- **Dataset extract**:
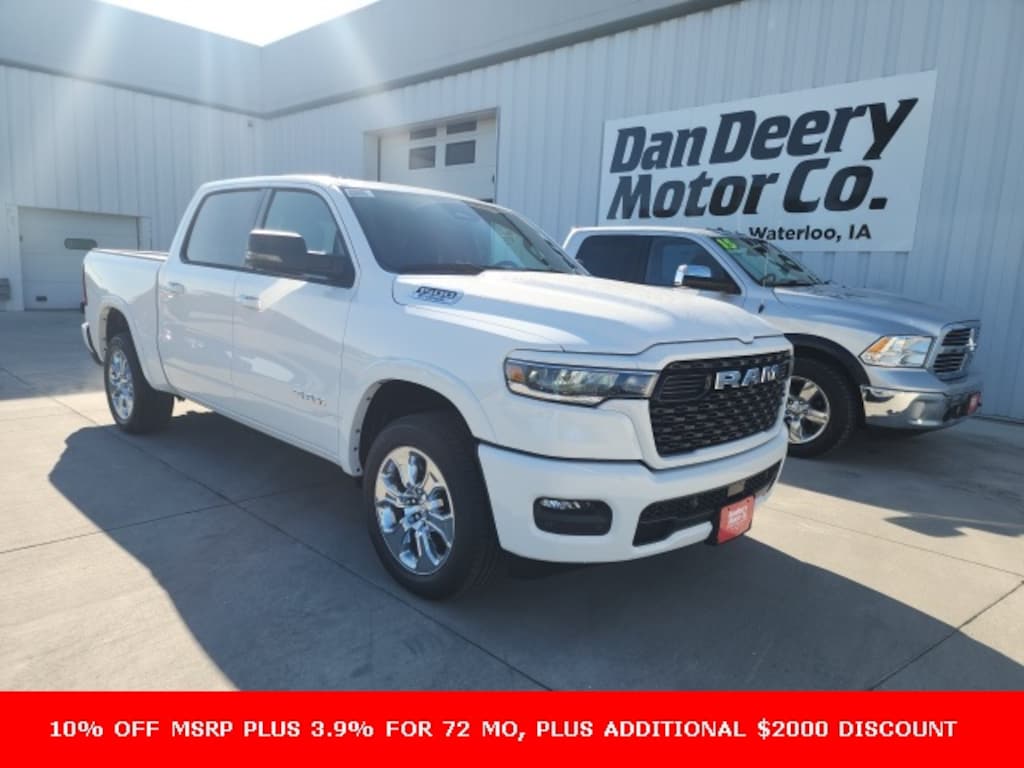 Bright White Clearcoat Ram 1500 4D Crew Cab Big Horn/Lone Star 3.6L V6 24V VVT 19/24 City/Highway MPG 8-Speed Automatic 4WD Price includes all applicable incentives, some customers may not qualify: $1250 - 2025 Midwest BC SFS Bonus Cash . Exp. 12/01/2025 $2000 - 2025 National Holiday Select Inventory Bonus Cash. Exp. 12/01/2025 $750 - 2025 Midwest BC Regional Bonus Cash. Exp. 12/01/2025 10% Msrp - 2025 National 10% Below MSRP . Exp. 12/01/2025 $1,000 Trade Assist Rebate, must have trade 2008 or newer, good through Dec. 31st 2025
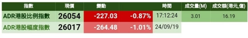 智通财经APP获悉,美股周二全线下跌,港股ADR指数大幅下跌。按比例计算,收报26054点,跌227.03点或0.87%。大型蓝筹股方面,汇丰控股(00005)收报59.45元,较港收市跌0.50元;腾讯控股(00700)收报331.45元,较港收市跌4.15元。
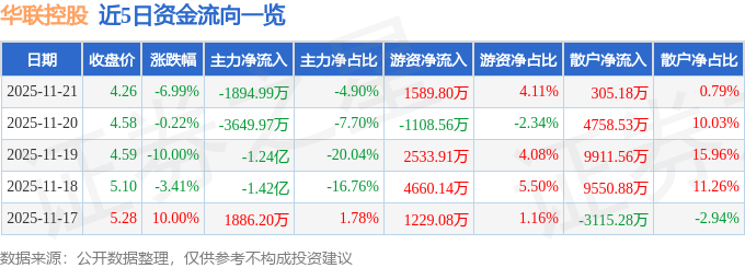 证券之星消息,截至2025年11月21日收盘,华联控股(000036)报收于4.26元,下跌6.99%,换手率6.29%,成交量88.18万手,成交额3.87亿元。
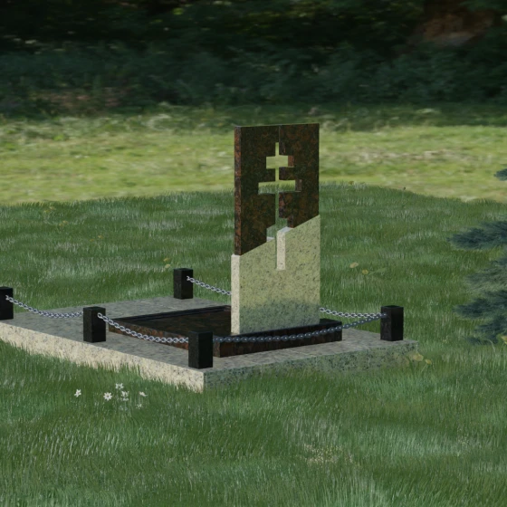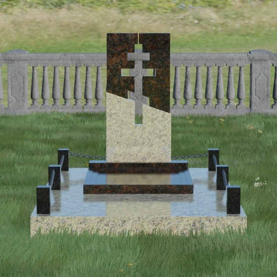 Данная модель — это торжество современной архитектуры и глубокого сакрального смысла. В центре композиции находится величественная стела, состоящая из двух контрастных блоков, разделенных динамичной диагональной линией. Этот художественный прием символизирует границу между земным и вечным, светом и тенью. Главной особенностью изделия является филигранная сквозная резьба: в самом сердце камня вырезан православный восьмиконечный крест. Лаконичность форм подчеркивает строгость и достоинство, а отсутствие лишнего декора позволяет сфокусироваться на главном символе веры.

- **Activity**: Starting with the opening line of the listing, write out each line exactly until the line that contains "证券之星消息,截至2025年" has been included; skip the pictures.

- **Result for this exercise**:
 Bright White Clearcoat Ram 1500 4D Crew Cab Big Horn/Lone Star 3.6L V6 24V VVT 19/24 City/Highway MPG 8-Speed Automatic 4WD Price includes all applicable incentives, some customers may not qualify: $1250 - 2025 Midwest BC SFS Bonus Cash . Exp. 12/01/2025 $2000 - 2025 National Holiday Select Inventory Bonus Cash. Exp. 12/01/2025 $750 - 2025 Midwest BC Regional Bonus Cash. Exp. 12/01/2025 10% Msrp - 2025 National 10% Below MSRP . Exp. 12/01/2025 $1,000 Trade Assist Rebate, must have trade 2008 or newer, good through Dec. 31st 2025
 智通财经APP获悉,美股周二全线下跌,港股ADR指数大幅下跌。按比例计算,收报26054点,跌227.03点或0.87%。大型蓝筹股方面,汇丰控股(00005)收报59.45元,较港收市跌0.50元;腾讯控股(00700)收报331.45元,较港收市跌4.15元。
 证券之星消息,截至2025年11月21日收盘,华联控股(000036)报收于4.26元,下跌6.99%,换手率6.29%,成交量88.18万手,成交额3.87亿元。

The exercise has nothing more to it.